Seth, if making kits "defeats the purpose of making wine a bit" at what point does one have to go be be a real wine maker? Does one also have to grow grapes? And do you have the same approach to cooking?


----------



## sdelli (Jul 19, 2014)

GaDawg said:


> Seth, if making kits "defeats the purpose of making wine a bit" at what point does one have to go be be a real wine maker? Does one also have to grow grapes? And do you have the same approach to cooking?

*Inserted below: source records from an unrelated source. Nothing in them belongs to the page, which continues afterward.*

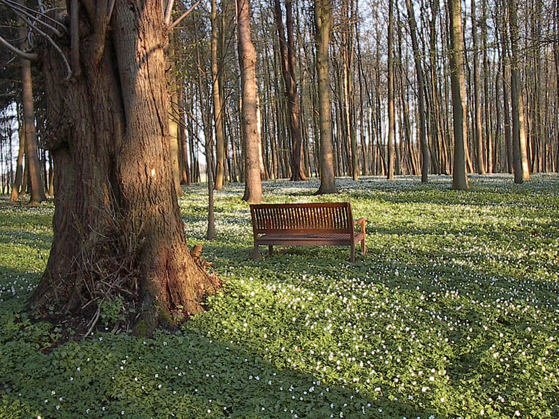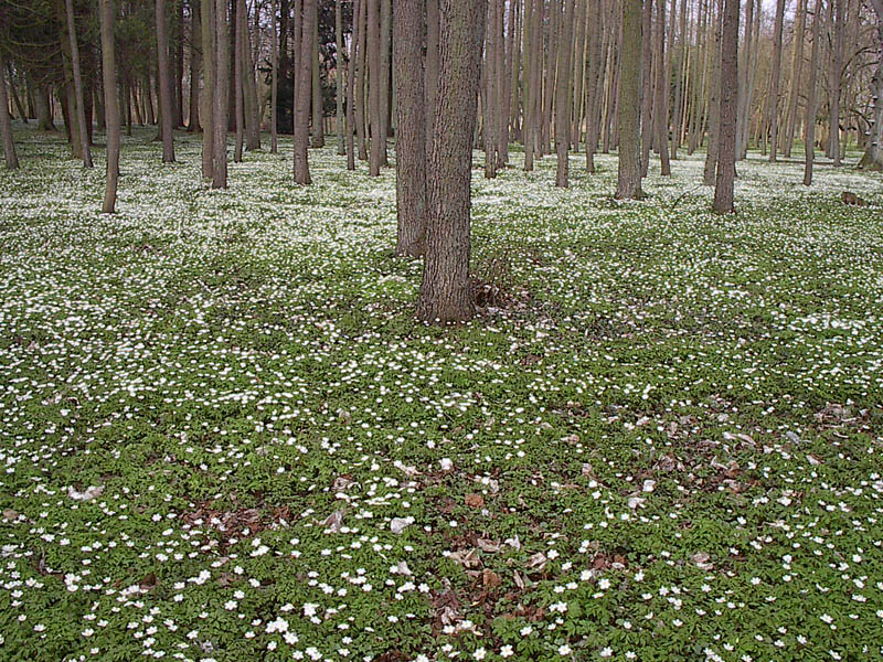 A carpet of white flowers in the spring.
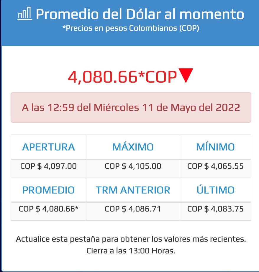El precio del dólar en Colombia para este miércoles 11 de mayo de 2022 es de COP $ 4,083.75 pesos colombianos, según datos de Reuters.
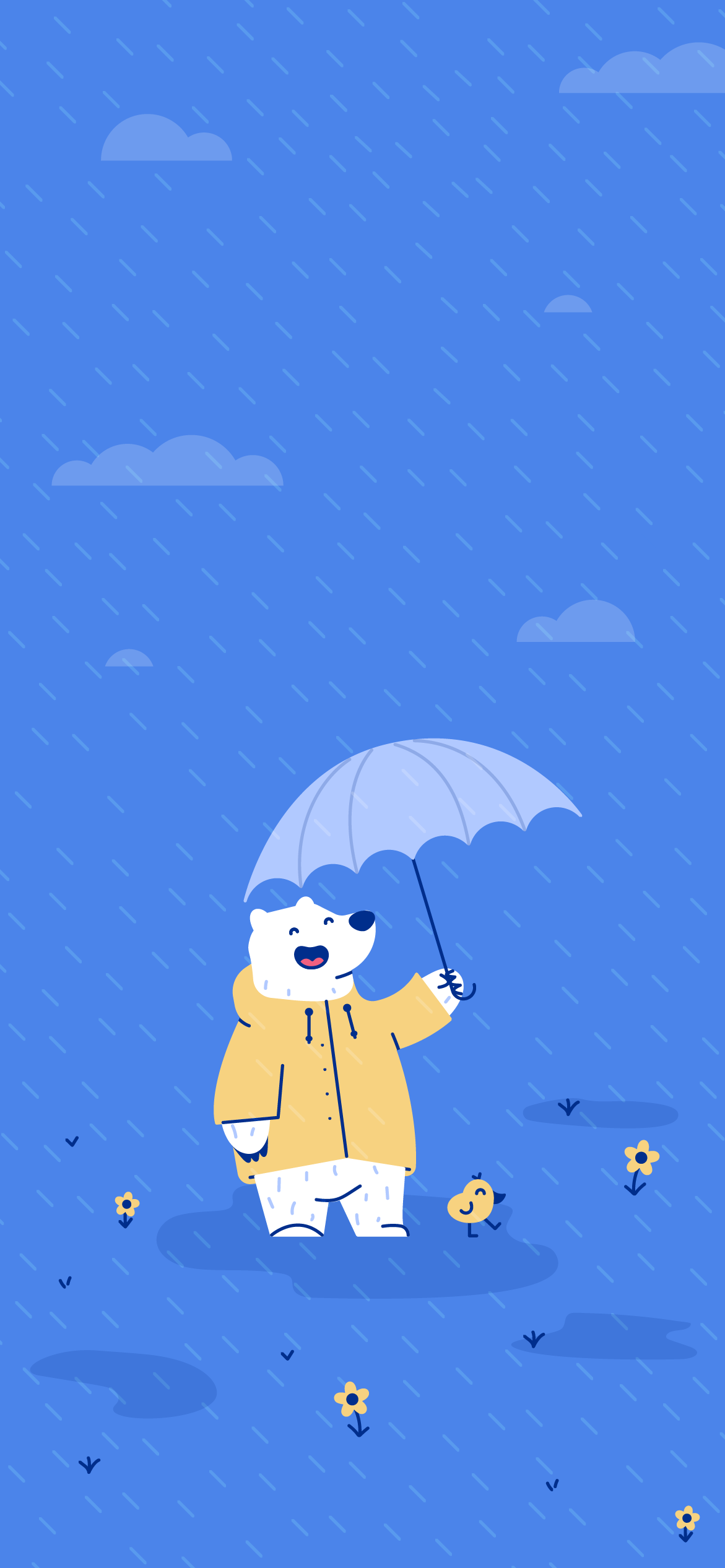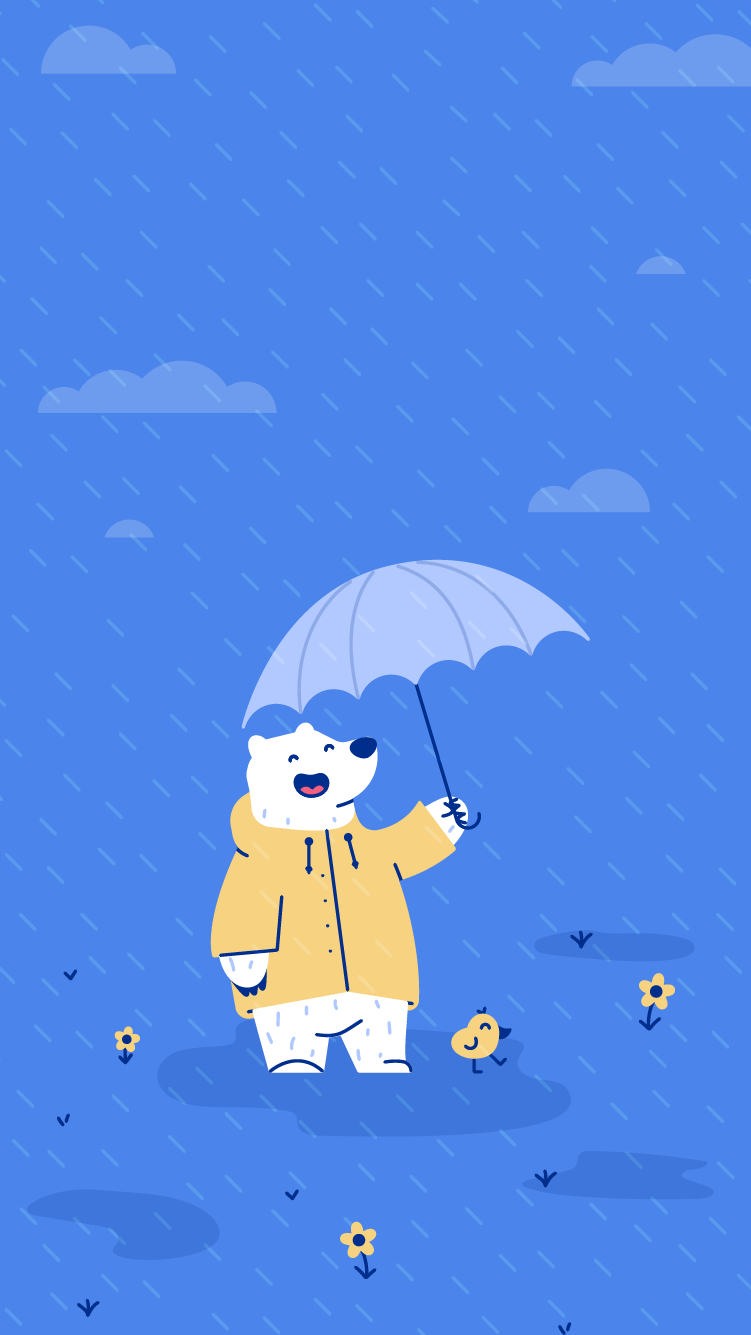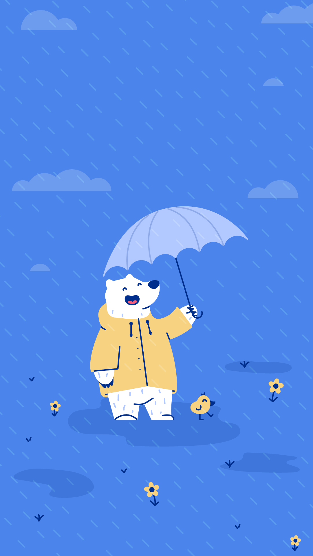 It's a rainy day and Bear and the ducklings are out to play. It's true that April Showers bring May flowers, they can be seen growing already! To join in on the fun, update your home screens today.
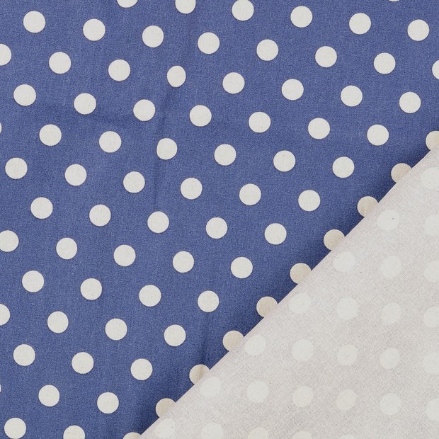 En högkvalitativ (cretonne) och härlig bomullsväv med klassiska prickar på färgad botten. Pricken är strax över 1cm. Det som gör det här trycket lite speciellt är att det är en sk wash out dvs. det får en lite sliten vintage-look efter tvätt. Gör sig lika bra i skjortan, kjolen, gardinen, örngottet, duken, ja, du förstår, den passar till lite utav varje.

I agree that we are all chefs in the kitchen when making wine..... But a chef can only be as good as the product he or she is starting with. I have come to learn that there are two different objectives when selecting a wine process..... Fresh grapes is like playing the game of Curling. The object is to guide and enhance the nature of the force already in progress. When you select a juice from a processed kit or a pail of juice you now use all your spices and creative thinking to make something special. Me..... I enjoy the taste of wine made from fresh high end grapes. 


Sam


----------



## GaDawg (Jul 19, 2014)

sdelli said:


> Me..... I enjoy the taste of wine made from fresh high end grapes.
> Sam



So, should I stop making wine because varietal grapes are not available in west Georgia?


----------



## sdelli (Jul 19, 2014)

GaDawg said:


> So, should I stop making wine because varietal grapes are not available in west Georgia?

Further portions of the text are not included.